Тучный человек, прочно упершись на крепкие ноги, стоял там, любуясь своим произведением. Голова его глубоко ушла в плечи, а широким красивым лицом он походил на индусского идола. Говорили, что он сын ветеринара из окрестностей Амьена. В сорок пять лет он уже был творцом двадцати шедевров, современных по форме, простых и жизненных скульптур, созданных талантливым мастером из рабочей среды, чуждым утонченности; то, что он создавал, было всегда столь же неожиданно, как урожай на поле, где произрастает то хорошая трава, то плохая. Казалось, он сам не отдает себе отчета в том, что творит. Совершенно неспособный к критической оценке, он не мог различить прекрасных сынов, созданных его победными руками, от отвратительных чучел, которых он валял на скорую руку. Никогда он не испытывал никаких сомнений, всегда был убежден в своем превосходстве и горд, как бог.

— Удивительно! Сеятель! — прошептал Клод. — Как он стоит, какой жест!

Фажероль, не обращая внимания на статую, забавлялся, глядя на толстяка и на хвост его юных благоговейных учеников, которых скульптор по обыкновению таскал за собой.

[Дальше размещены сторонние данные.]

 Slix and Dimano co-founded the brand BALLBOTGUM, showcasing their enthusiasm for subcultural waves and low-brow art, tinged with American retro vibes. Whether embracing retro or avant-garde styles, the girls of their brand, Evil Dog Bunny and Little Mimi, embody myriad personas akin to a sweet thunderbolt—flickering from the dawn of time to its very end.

— Смотрите же на них, они словно причащаются… А он-то? Настоящий дикарь, погруженный в созерцание своего пупа!

Шамбувар, не замечая окружавшей его любопытной толпы, как громом пораженный, остолбенело стоял, сам удивляясь тому, что он создал. Казалось, он видит свое произведение впервые и не может прийти в себя от изумления. Восторг постепенно затопил его широкое лицо, и он, покачивая головой, залился радостным, неудержимым! смехом, без конца повторяя:

— Право смешно… право смешно…

Стоявшая сзади него свита так и млела, пока он восторгался самим собой.

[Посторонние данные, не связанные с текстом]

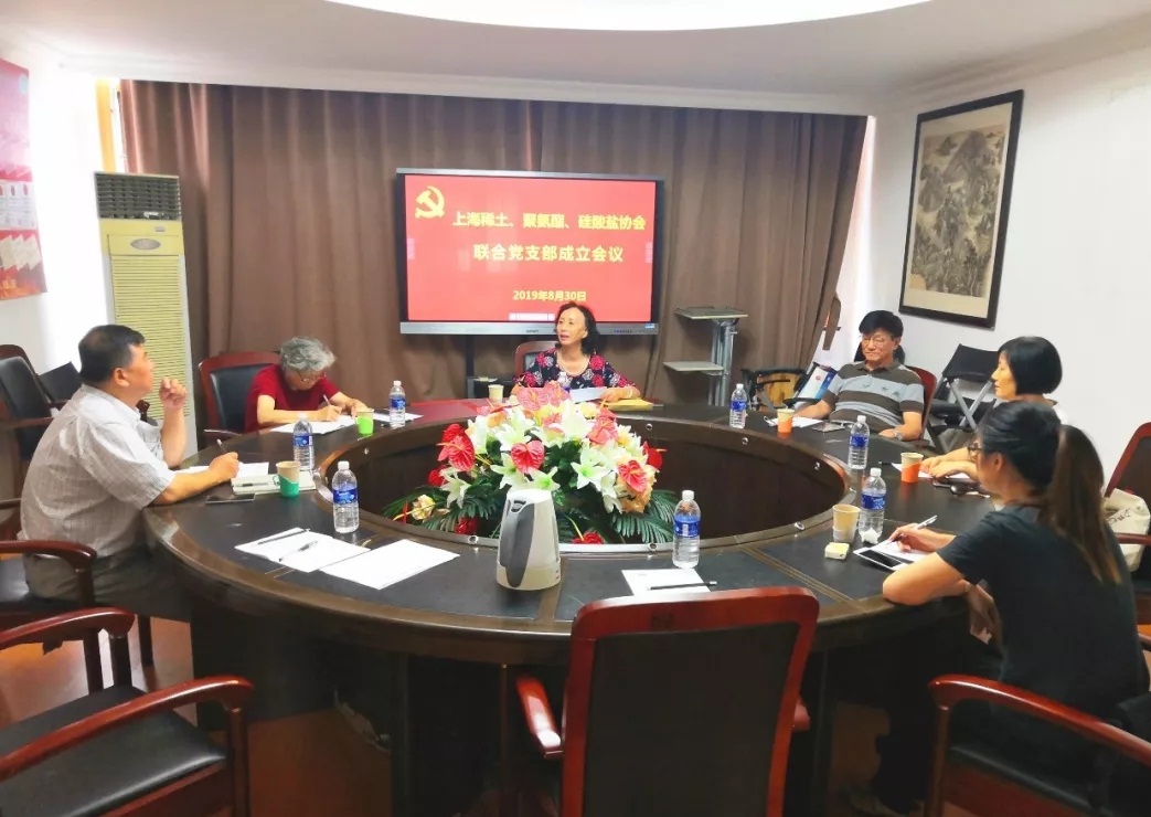 2019年8月30日上午,上海稀土、聚氨酯、硅酸盐协会联合党支部成立会议在上海师范大学召开,会议由中共上海市工业经济联合会党委组织委员兼第四联合党支部书记苏宝艳同志主持,出席会议的有,上海市稀土协会党员吴建思、周襄瑶、入党积极分子崔中倪,上海市聚氨酯工业协会党员许国清、许菊芳,上海硅酸盐工业协会党员刘薇。会上,苏书记首先就为何要成立联合党支部,从党组织发展要求和发展条件进行详细说明,并向聚氨酯协会和硅酸盐协会传达了中共上海市工业经济联合会党委关于党建联络员的批复,以及传达《关于成立上海稀土、聚氨酯、硅酸盐协会联合党支部的通知》的批复文件,明确吴建思同志为联合党支部召集人,上海稀土、聚氨酯、硅酸盐协会联合党支部正式成立。

Тут произошло легкое замешательство: Бонграй, рассеянно прогуливавшийся, заложив руки за спину, наткнулся на Шамбувара. Публика, перешептываясь, отступила, заинтересованная встречей двух знаменитых художников, составлявших странный контраст: один — коренастый сангвиник, другой — высокий и нервный. Художники обменялись дружескими приветствиями: «Как всегда, чудеса! — Да, черт побери! А вы так ничего и не выставили в этом году? — Нет, ничего. Я отдыхаю, ищу. — Вот еще! Выдумщик! Это приходит само собой. — Прощайте! — Прощайте!» Шамбувар, сопровождаемый своей свитой, медленно уходил сквозь толпу, бросая по сторонам взгляды монарха, преисполненного радостью жизни; а Бонгран, заметив Клода и его друзей, направился к ним, нервно потирая руки; кивком головы указывая на скульптора, он сказал:

— Кому я завидую, так это ему! Он всегда уверен, что создает шедевры!

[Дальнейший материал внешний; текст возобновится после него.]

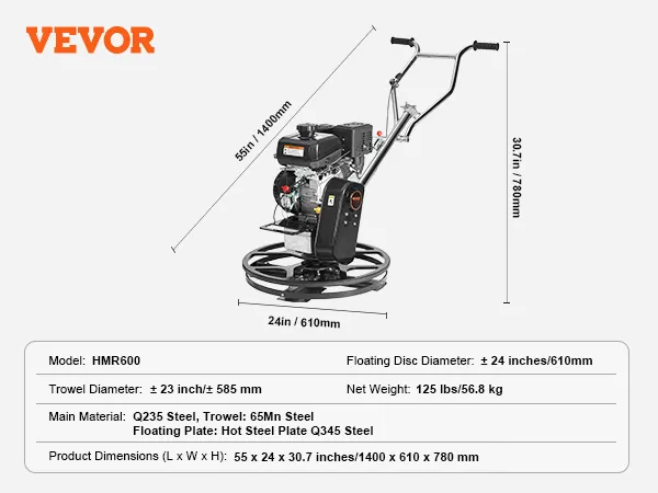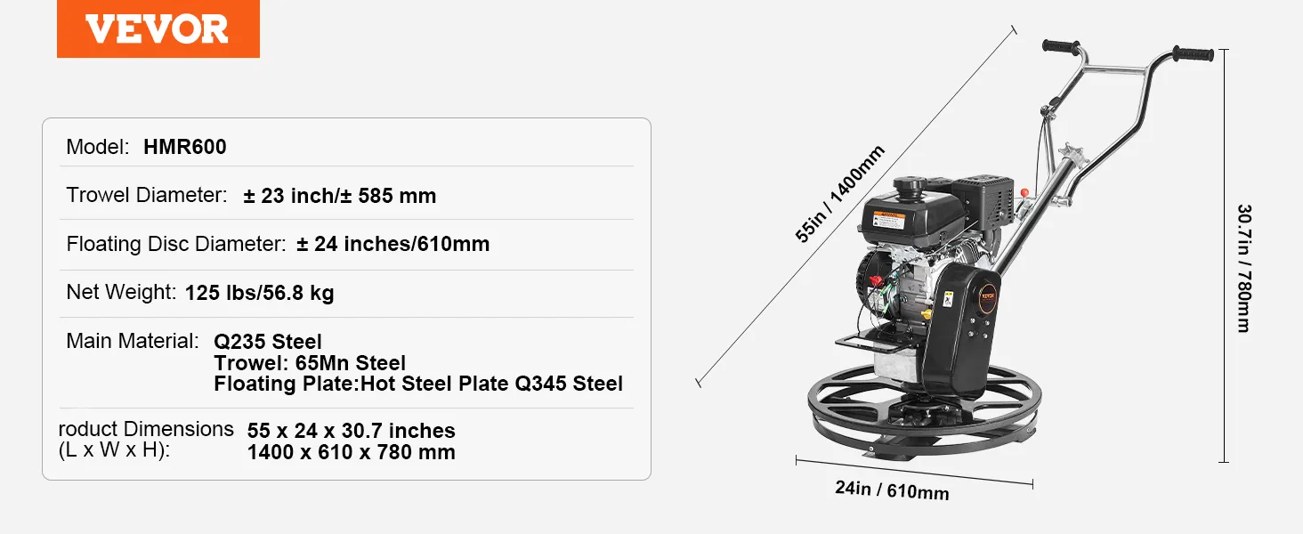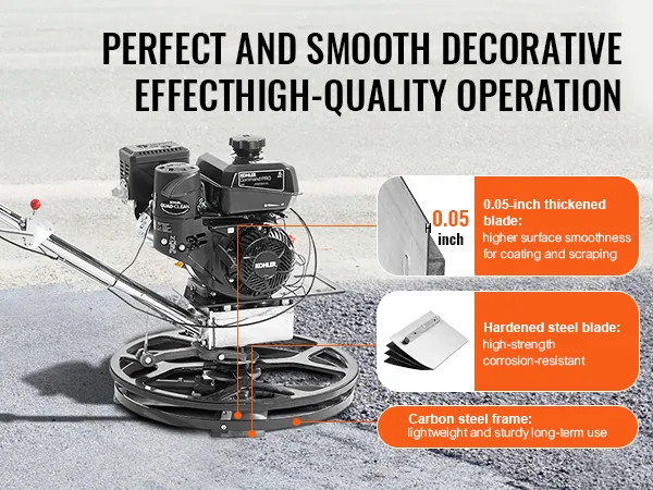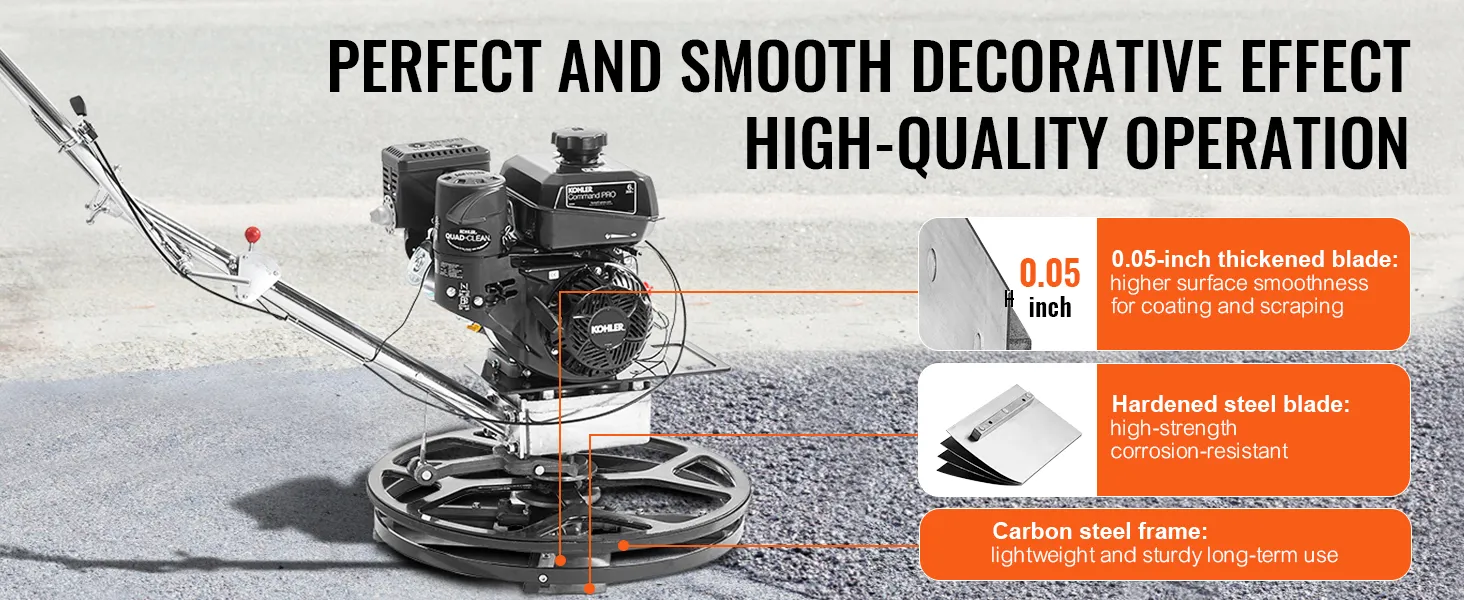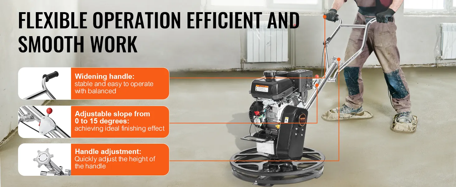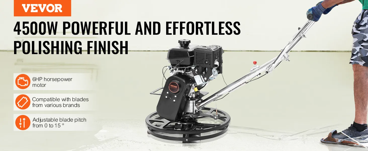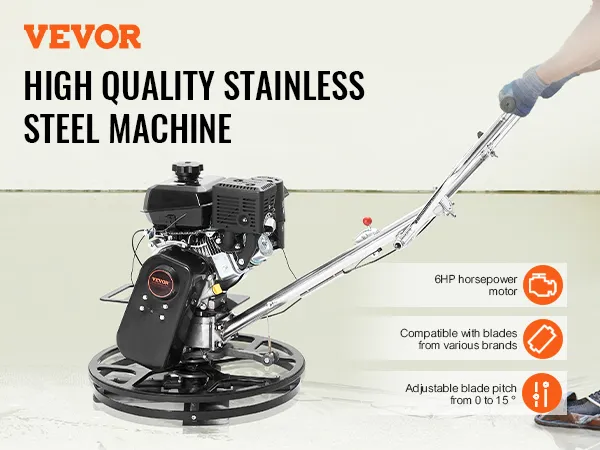 De VEVOR Power Walk-behind cement troffel is een krachtpatser op bouwplaatsen. Hij is uitgerust met een krachtige 6HP KOHLER benzinemotor. Deze motor drijft een polijstmachine aan met snelheden tot 3600 RPM. De troffel zorgt voor hoge prestaties onder zware omstandigheden. U kunt hem effectief beheren voor grootschalige bouwprojecten. Allereerst geeft het apparaat prioriteit aan veiligheid in zijn ontwerp. De centrifugaalontstekingsschakelaar schakelt de motor automatisch uit als deze de controle verliest. De gashendel helpt u eenvoudig het toerental van de motor aan te passen, zodat alles onder controle is. U kunt op deze troffel vertrouwen voor zowel efficiëntie als veiligheid.

Он похвалил Магудо за его «Сборщицу винограда» и с обычной своей отеческой доброжелательностью, с благодушием старого, маститого, признанного романтика обласкал всех присутствующих представителей молодежи. Обращаясь к Клоду, он сказал:

— Ну как! Правильно я говорил? Сами убедились, там наверху… Вот вы уже и признанный глава школы.

— Да, — ответил Клод, — они делают мне честь… Но глава нашей школы вы.

Боигран ответил отрицательным жестом, полным невысказанного страдания. Прощаясь с ними, он сказал:

— Никогда не говорите, что я глава школы! Я даже для самого себя не могу быть главой!

Товарищи побродили по саду, еще раз подошли к «Сборщице винограда», и только тут Жори заметил, что Ирма Беко уже не висит на руке у Ганьера. Ганьер очень удивился: где же он ее потерял? Когда Фажероль объяснил, что она ушла с какими-то двумя молодыми людьми, Ганьер успокоился и пошел за товарищами с облегченной душой, избавившись наконец от этого счастья, которое его пришибло.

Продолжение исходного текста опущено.